# Plugin: View beim Button-Klick austauschen



## sven-ber (20. Mrz 2010)

Hallo zusammen,

ich habe ein Programm entwickelt, welches immer nur eine View als Standalone anzeigen soll. Klickt der User auf einen Button soll anstelle dieser View eine andere View angezeigt werden.

Mit meinem Lösungsansatz, nur eine View zu verwenden und in dieser View nur Composites auszutauschen funktioniert nur teilweise, weil die View nur bedingt den Inhalt aktualisiert.

Gibt es ein Lösungsansatz der ganze Views austauscht? Auf welcher Ebene müsste ich eingreifen?

Gruß,

Sven-ber


----------



## Foermchen82 (20. Mrz 2010)

Was genau verstehst du unter einer View? Ein Panel, ein Frame, oder was?

Wenn es ein Panel ist, kannst du z.b. das CardLayout nehmen und bei Bedarf die entsprechende Card anzeigen lassen.


----------



## Wildcard (20. Mrz 2010)

Foermchen82 hat gesagt.:


> Was genau verstehst du unter einer View? Ein Panel, ein Frame, oder was?


Plattformprogrammierung -> Eclipse RCP

@sven-ber
Composites austauschen funktionier schon, was genau war dein Problem und wie hattest du es implementiert?
Falls du wirklich Views austauschen möchtest, handelst es sich immer um die gleiche View (gleiche ID), oder um echt verschiedene? Wenn es die gleiche ist, ist es eine allowsMultiple view (also mit sekundär ID), oder eine Singleton View?


----------



## Foermchen82 (20. Mrz 2010)

Wildcard hat gesagt.:


> Plattformprogrammierung -> Eclipse RCP
> 
> @sven-ber
> Composites austauschen funktionier schon, was genau war dein Problem und wie hattest du es implementiert?
> Falls du wirklich Views austauschen möchtest, handelst es sich immer um die gleiche View (gleiche ID), oder um echt verschiedene? Wenn es die gleiche ist, ist es eine allowsMultiple view (also mit sekundär ID), oder eine Singleton View?

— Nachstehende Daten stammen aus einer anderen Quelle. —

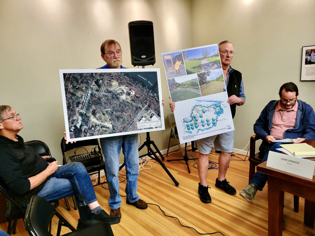 Rotary Club of Shepherdstown members Walt Eifert, left, and Hank Walter hold up some posters, to help the Town Council visualize the club’s plans to build a West Virginia’s Almost Heaven Swing in Shepherdstown. Tabitha Johnston

ah ok, ich sollte mal lesen, in welchem Forum der Post ist *g*


----------



## sven-ber (20. Mrz 2010)

@Wildcard
In meinem Versuch hatte ich alle 10 Sekunden das Composite der View gewechselt (es sind immer verschiedene Composites). Gewechselt heißt: Das alte Composite wird mit dispose() von der Oberfläche entfernt. (das hat funktioniert). Das neue Composite wird zur parent-Composite hinzugefügt. Das alleine hatte allerdings nicht gereicht um das neue Composite anzuzeigen. Selbst mit pack(), redraw() und update() wurde die neue Composite nicht angezeigt -> erst beim resizen der Window. Darum möchte ich nun den Weg über die verschiedenen Views einschlagen.

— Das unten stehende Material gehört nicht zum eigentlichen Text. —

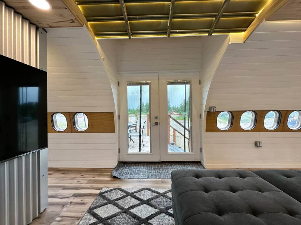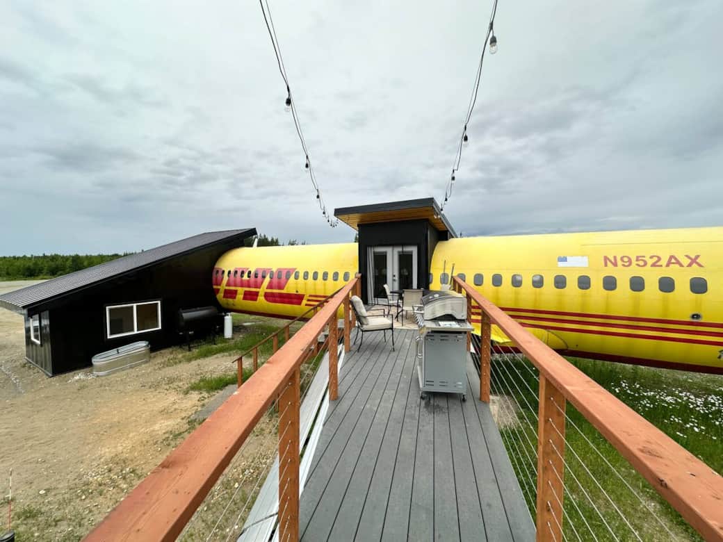 Climb aboard your Private Jet and enjoy this Douglas DC-9 converted into a full 3 bed / 2 bath house! Complete with full kitchen, bathroom, sauna and wing deck. Hangout in the cockpit and have a beer in the captain's chair, or grill up some Salmon and Steaks on the wing deck overlooking the private runway. Fly in luxury with heated floors, lounge in the belly cargo (kid's room), or kick back and enjoy the big-screen TV in first-class (living room). Ask us about tours and things to do nearby! The airplane house is located alongside a 1,900’ long private runway that you can fly in or drive in to. Our other airplane home is also available: https://airbnb.com/h/dc6 The runway separates your private aircraft from the other rental cabins located on our property giving you privacy and quiet! While it is an active runway, we generally have only 5-10 flights per week and all during daylight hours. We're about 10 mins from restaurants and grocery stores, 15-20 minutes from "the city". The property has trails for walking in the summer and cross country skiing in the winter. We connect to a large network of snow machine trails around Big Lake. You can go ice fishing, dog sledding, and snow machining all within minutes of the property. In the summer we offer air tours, glacier tours, bear tours, and fishing all direct from the property. Ask your host if you have any more questions about things to do on your trip! The property is easy to access from the main road even in winter. Roads are paved and snow plowed, and it is about an hour drive to downtown Anchorage. You'll climb aboard up a flight of stairs through the private jet ridge. You'll find your washer and dryer there and a hallway to access the Master Suite, full bathroom, and guest bedroom, as well as the Kitchen moving forward, living area, dining room, and Cockpit. There is also a kids room access via a small ladder down into the belly cargo area with a twin mattress. You can contact your Captain at anypoint during your stay via messages here on the airbnb app or via phone. We monitor the radio from 8am to 8pm 7 days/per week. If you get radio silence, you can satellite text us at as we may be out of cell range while flying. This is a real airplane that has flown around the world for many years. It has been meticulously gone over to ensure it is comfortable and safe for all of our guests. That being said, common sense is still required when walking around the outside of the aircraft and poking your head into all the compartments you do not normally have access to as a passenger. Please be safe, watch out for sharp edges, and realize that while you are welcome to explore and put your hands on all parts of the airplane inside and out, there are many parts and pieces of the airplane that still can hurt you if you do not know what you are doing. We do have an additional guest charge or $50 per guest for guests not listed in your initial reservation. There is no smoking or vaping anywhere inside or outside on the 100 acre property ($250 fine). There are tons of activities to do within a short drive or short bush plane flight of the property including, ice fishing, glacier tours, paddleboarding, snow machining, dog sleds, kayaking, bear tours, fishing charters, etc. Ask your host about all of the options to book out an EPIC experience!

Es sind handelt sich um echt verschiedene Views. Am Beispiel:
Es soll ein Netzwerkspiel programmiert werden. Hier erst einmal nur die Client-Seite. Der Client besteht aus 3 Views. 
1. View: Anmeldung an Spielserver und Spiel
2. View: Waitingroom bis alle Spieler vollzählig sind
3. View: Das Spiel selber
Alle sollen jeweils als Standalone angezeigt werden - nacheinander. Beim Anmelden am Spielserver sollen z.b. der Übergang von der ersten zur zweiten View eingeleitet werden. D.h. die alte View wird disposed und die neue View angezeigt.
Die Frage ist: Wie?


----------



## Wildcard (20. Mrz 2010)

sven-ber hat gesagt.:


> @Wildcard
> In meinem Versuch hatte ich alle 10 Sekunden das Composite der View gewechselt (es sind immer verschiedene Composites). Gewechselt heißt: Das alte Composite wird mit dispose() von der Oberfläche entfernt. (das hat funktioniert). Das neue Composite wird zur parent-Composite hinzugefügt. Das alleine hatte allerdings nicht gereicht um das neue Composite anzuzeigen. Selbst mit pack(), redraw() und update() wurde die neue Composite nicht angezeigt -> erst beim resizen der Window. Darum möchte ich nun den Weg über die verschiedenen Views einschlagen.


Du musst layout auf dem Parent Composite aufrufen.


----------



## sven-ber (20. Mrz 2010)

Danke, es funktioniert jetzt.

Trotzdem noch die Hintergrundfrage: Ist das die feine Art? Wie würdest du ein solches Problem lösen?


----------



## Wildcard (21. Mrz 2010)

Deine Erklärung hat mir nicht viel gesagt, also kann ich dazu schlecht stellung nehmen.
Views zu schließen ist jedenfalls nicht die feine Art und generell nur eine zu haben ist etwas seltsam.


----------